**Task to complete:** Please give back only the lines below from the one containing "SEE PAGE 2 COL" to the one containing "The first location", each repeated word for word, both ends included.

#### Data supplied ####

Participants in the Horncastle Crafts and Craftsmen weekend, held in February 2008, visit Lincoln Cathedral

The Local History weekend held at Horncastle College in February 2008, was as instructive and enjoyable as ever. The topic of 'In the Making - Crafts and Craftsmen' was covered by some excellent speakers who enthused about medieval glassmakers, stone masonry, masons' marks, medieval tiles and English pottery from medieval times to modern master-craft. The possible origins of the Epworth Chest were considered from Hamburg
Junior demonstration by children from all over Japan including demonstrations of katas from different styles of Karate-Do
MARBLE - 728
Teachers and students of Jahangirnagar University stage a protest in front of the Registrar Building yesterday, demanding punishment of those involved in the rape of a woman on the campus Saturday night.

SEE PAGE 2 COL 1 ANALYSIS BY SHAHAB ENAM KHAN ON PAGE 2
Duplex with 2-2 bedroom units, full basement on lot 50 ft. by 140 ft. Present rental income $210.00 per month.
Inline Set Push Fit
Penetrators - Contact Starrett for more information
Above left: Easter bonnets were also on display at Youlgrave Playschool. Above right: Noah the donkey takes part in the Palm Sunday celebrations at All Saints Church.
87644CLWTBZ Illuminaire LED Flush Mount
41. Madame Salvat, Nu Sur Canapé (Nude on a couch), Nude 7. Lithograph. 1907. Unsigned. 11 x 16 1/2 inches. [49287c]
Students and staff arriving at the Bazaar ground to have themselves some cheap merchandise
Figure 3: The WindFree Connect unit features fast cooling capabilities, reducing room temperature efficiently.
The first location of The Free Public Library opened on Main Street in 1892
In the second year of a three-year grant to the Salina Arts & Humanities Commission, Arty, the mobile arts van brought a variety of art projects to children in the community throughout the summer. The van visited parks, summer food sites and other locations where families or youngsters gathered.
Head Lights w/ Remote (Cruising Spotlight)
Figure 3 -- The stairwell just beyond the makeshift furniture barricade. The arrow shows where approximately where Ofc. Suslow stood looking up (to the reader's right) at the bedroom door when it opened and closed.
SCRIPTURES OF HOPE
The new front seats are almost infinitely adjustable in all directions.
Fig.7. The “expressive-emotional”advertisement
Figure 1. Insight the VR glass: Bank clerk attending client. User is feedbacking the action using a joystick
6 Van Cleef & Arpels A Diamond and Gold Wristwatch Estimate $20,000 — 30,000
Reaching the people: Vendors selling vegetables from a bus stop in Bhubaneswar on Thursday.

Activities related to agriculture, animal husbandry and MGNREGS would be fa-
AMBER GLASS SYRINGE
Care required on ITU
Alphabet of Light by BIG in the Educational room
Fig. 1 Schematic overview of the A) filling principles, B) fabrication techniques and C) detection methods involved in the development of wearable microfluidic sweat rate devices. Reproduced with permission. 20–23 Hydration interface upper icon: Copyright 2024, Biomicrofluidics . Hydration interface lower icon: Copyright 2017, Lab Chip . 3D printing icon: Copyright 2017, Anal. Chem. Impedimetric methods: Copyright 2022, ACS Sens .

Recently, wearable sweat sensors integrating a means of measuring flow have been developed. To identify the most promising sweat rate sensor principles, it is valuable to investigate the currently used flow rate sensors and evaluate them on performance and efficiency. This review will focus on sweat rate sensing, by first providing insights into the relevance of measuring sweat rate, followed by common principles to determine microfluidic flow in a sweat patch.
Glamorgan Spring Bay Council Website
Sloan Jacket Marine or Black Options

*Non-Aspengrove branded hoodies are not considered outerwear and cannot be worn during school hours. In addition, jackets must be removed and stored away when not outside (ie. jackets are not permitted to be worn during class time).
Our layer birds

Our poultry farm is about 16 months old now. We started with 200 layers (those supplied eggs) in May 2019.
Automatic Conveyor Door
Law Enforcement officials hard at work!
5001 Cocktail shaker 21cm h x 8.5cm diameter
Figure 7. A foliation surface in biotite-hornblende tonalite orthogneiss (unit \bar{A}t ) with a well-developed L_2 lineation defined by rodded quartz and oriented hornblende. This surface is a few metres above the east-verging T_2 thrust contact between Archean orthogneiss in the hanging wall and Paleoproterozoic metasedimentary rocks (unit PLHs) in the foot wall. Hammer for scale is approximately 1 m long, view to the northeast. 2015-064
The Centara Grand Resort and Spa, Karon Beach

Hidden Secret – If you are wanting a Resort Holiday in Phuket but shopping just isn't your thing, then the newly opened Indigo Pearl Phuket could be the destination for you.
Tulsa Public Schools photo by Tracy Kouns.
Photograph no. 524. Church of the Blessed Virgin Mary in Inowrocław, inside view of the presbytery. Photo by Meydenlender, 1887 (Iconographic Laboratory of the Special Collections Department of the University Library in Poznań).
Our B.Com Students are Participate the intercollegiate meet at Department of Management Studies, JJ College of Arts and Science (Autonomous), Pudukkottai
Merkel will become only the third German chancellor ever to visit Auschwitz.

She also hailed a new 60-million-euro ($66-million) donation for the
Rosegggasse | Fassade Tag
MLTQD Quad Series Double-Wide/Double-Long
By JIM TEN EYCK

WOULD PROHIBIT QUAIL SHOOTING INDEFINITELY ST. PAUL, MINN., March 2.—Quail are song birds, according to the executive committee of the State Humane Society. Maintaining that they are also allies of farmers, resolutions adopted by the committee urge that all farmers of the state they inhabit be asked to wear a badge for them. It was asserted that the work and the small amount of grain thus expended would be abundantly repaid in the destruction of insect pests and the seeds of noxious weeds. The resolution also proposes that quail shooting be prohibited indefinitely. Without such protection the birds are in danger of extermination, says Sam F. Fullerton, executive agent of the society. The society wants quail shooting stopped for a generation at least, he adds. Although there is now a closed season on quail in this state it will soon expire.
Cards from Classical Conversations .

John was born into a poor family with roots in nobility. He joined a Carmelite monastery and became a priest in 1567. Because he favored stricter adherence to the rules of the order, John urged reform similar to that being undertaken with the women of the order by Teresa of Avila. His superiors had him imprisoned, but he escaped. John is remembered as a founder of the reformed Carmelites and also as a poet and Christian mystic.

####

**Response area:**
SEE PAGE 2 COL 1 ANALYSIS BY SHAHAB ENAM KHAN ON PAGE 2
Duplex with 2-2 bedroom units, full basement on lot 50 ft. by 140 ft. Present rental income $210.00 per month.
Inline Set Push Fit
Penetrators - Contact Starrett for more information
Above left: Easter bonnets were also on display at Youlgrave Playschool. Above right: Noah the donkey takes part in the Palm Sunday celebrations at All Saints Church.
87644CLWTBZ Illuminaire LED Flush Mount
41. Madame Salvat, Nu Sur Canapé (Nude on a couch), Nude 7. Lithograph. 1907. Unsigned. 11 x 16 1/2 inches. [49287c]
Students and staff arriving at the Bazaar ground to have themselves some cheap merchandise
Figure 3: The WindFree Connect unit features fast cooling capabilities, reducing room temperature efficiently.
The first location of The Free Public Library opened on Main Street in 1892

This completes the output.